Mr_Odwin Posted December 14, 2005 Posted December 14, 2005 I think it's not a good thing. It's not just her issue as I think we should all be good members of society that don't sleep with each others lads and lasses.
Colin Posted December 14, 2005 Posted December 14, 2005 I think it's not a good thing. It's not just her issue as I think we should all be good members of society that don't sleep with each others lads and lasses. I have to agree. It is morally wrong, and nothing anyone should be proud of.........in someways I feel ashamed that I've stooped to such a low level, but this is about you Platty, not me.
|Laguna| Posted December 14, 2005 Posted December 14, 2005 I'd say it's bad if you started the whole thing, but if she came to you, then why not... well probably becasue she's unhappy in her relationship and needed some attention or just wanted something new sparky twitching with excitement in her instead of the same old same old.

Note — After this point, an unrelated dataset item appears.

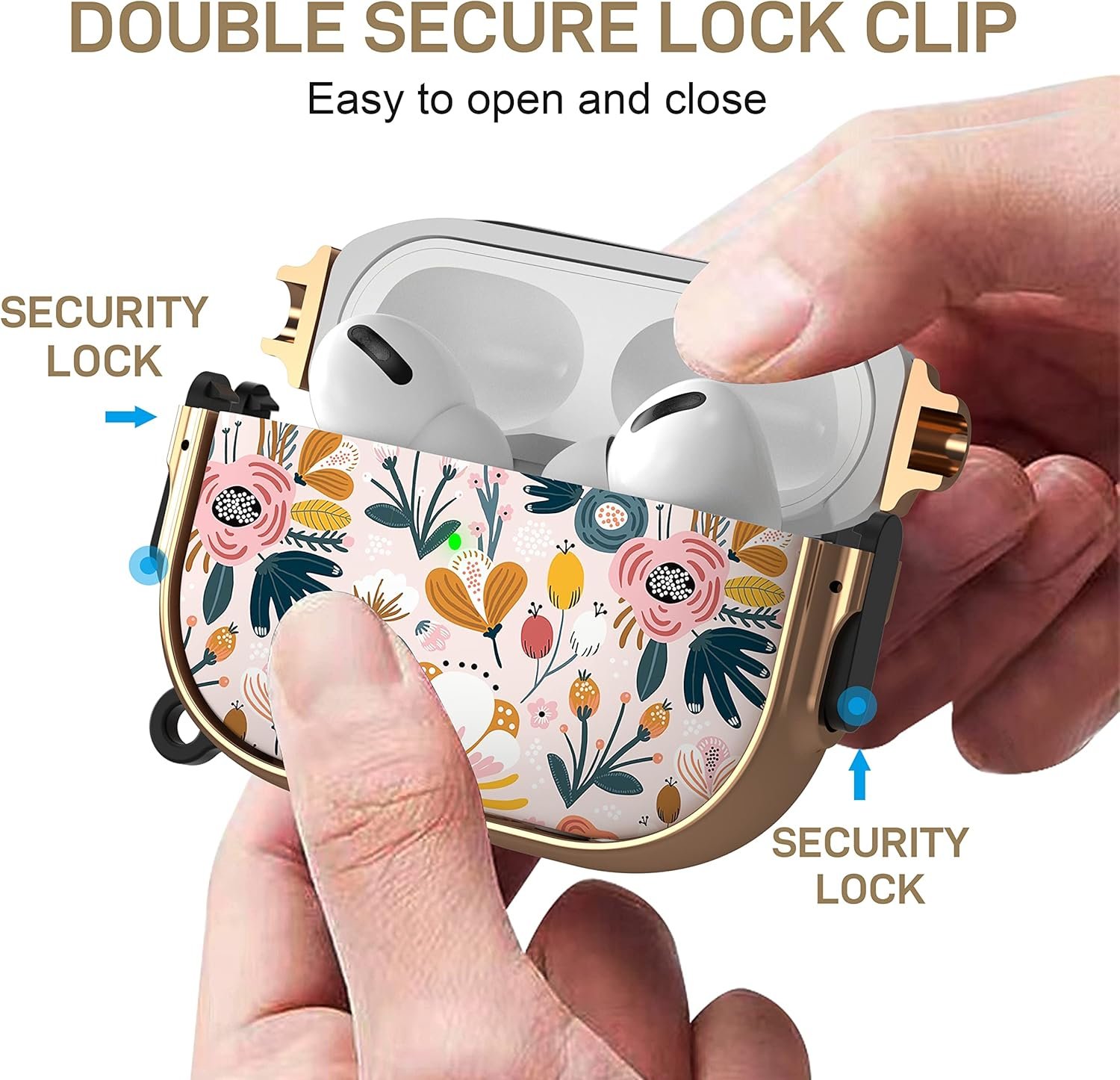 【Double Secure Lock Clip】Upgraded double side lockable function can firmly fix the upper cover of the shell, which make the tope cover connected to the bottom always, Quick-release spring-lock allows easy to install and remove the case for airpods pro 2nd generation/1st generation.Never worry your earbuds fall or lost again.

Johelian Posted December 14, 2005 Posted December 14, 2005 (edited) I think its the Wrong thing to do; youre technically screwing over someone by sleeping with their girlfriend, however you try to justify it. Would you kick some random guy in the balls if you saw him on the street? Thats really what you are doing to this guy, whereever he is. Whatever she says to you, its up to her to sort things out - and for you not to get involved. Having said that, I understand how easy it would be for you guys (and girls) to convince yourselves its ok; but its rising above that temptation that really makes us better people. Probably. ________ Acura Tl Edited February 16, 2011 by Johelian
Raining_again Posted December 14, 2005 Posted December 14, 2005 Just hope to god teh bf doesn't come after you! The girl shuda said no, or not let herself get so drunk she'd do that (if that was the case) dont stress yourself over it
Gaijin von Snikbah Posted December 14, 2005 Posted December 14, 2005 You could turn it around, and ask what you would think of a person having sex with your girl friend. There in lies the answer.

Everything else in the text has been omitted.